*** Opening SUPPLIED INFORMATION ***

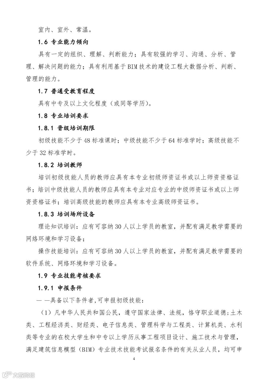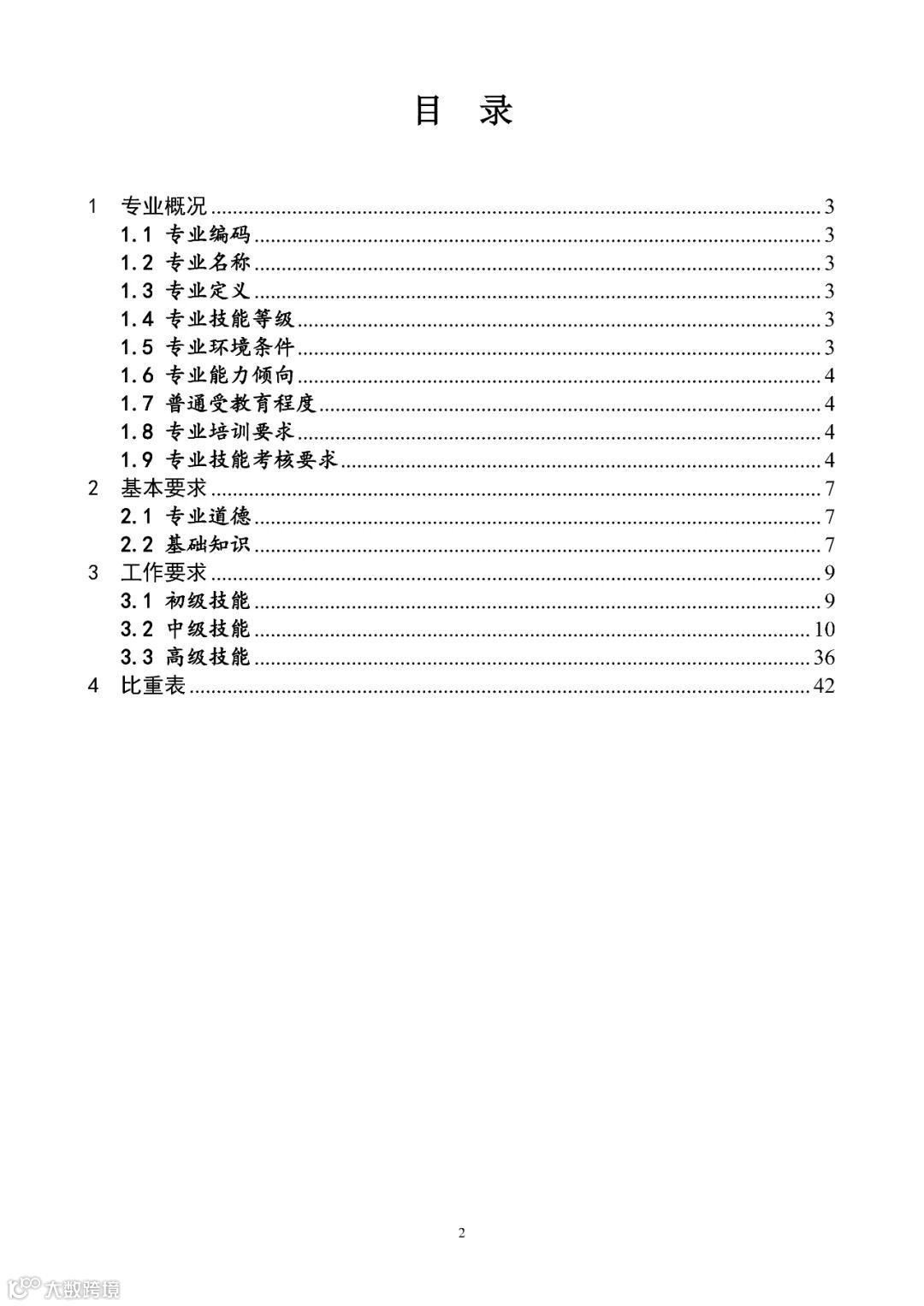三、本《标准》依据有关规定将本专业分为三个等级,包括专业概况、基本要求、工作要求和比重表四个方面的内容。
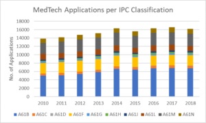 Medical technology can be divided according to the patent classifications listed in the table below. The following bar chart shows that classifications A61B, A61F and A61M were the top three areas for MedTech applications from 2010-2018.
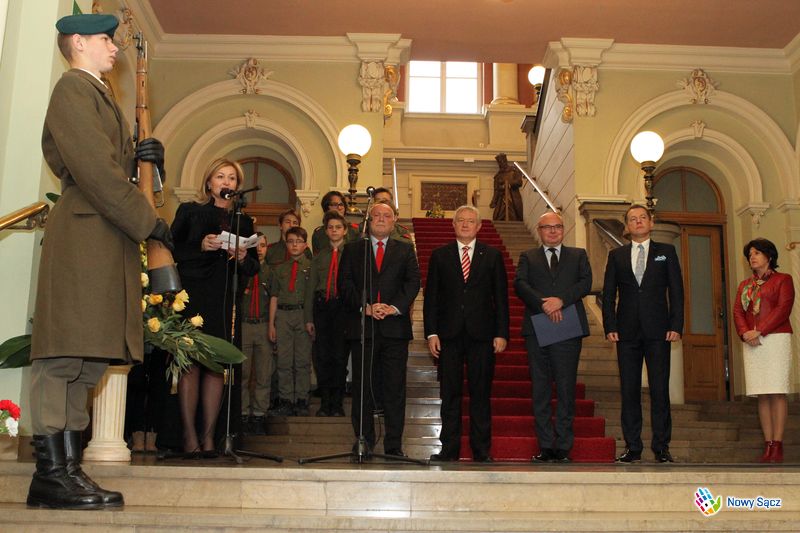 Miejskie obchody Święta Niepodległości w dniu 11 listopada 2016 rozpoczęto od złożenia kwiatów pod tablicą upamiętniającą pobyt Józefa Piłsudskiego (na rogu ulic Dunajewskiego i Szwedzkiej). W ratuszu odsłonięto tablicę 100-lecie nadania późniejszemu marszałkowi Polski Józefowi Piłsudskiemu honorowego obywatelstwa Nowego Sącza.
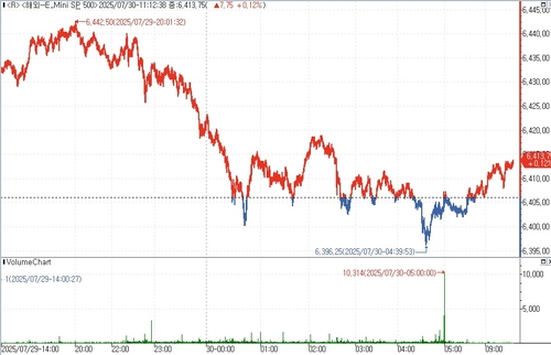 연합인포맥스 지수선물 통합화면(화면번호 6520)에 따르면 한국 시각으로 오전 11시12분 기준 E-미니 S&P500 지수 선물은 전장 대비 0.12% 오른 6,413.75에 거래됐다.

*** Closing SUPPLIED INFORMATION ***

_EXERCISE_
Set down all of the material word for word, minus its pictures.

_YOUR SOLUTION_
三、本《标准》依据有关规定将本专业分为三个等级,包括专业概况、基本要求、工作要求和比重表四个方面的内容。
 Medical technology can be divided according to the patent classifications listed in the table below. The following bar chart shows that classifications A61B, A61F and A61M were the top three areas for MedTech applications from 2010-2018.
 Miejskie obchody Święta Niepodległości w dniu 11 listopada 2016 rozpoczęto od złożenia kwiatów pod tablicą upamiętniającą pobyt Józefa Piłsudskiego (na rogu ulic Dunajewskiego i Szwedzkiej). W ratuszu odsłonięto tablicę 100-lecie nadania późniejszemu marszałkowi Polski Józefowi Piłsudskiemu honorowego obywatelstwa Nowego Sącza.
 연합인포맥스 지수선물 통합화면(화면번호 6520)에 따르면 한국 시각으로 오전 11시12분 기준 E-미니 S&P500 지수 선물은 전장 대비 0.12% 오른 6,413.75에 거래됐다.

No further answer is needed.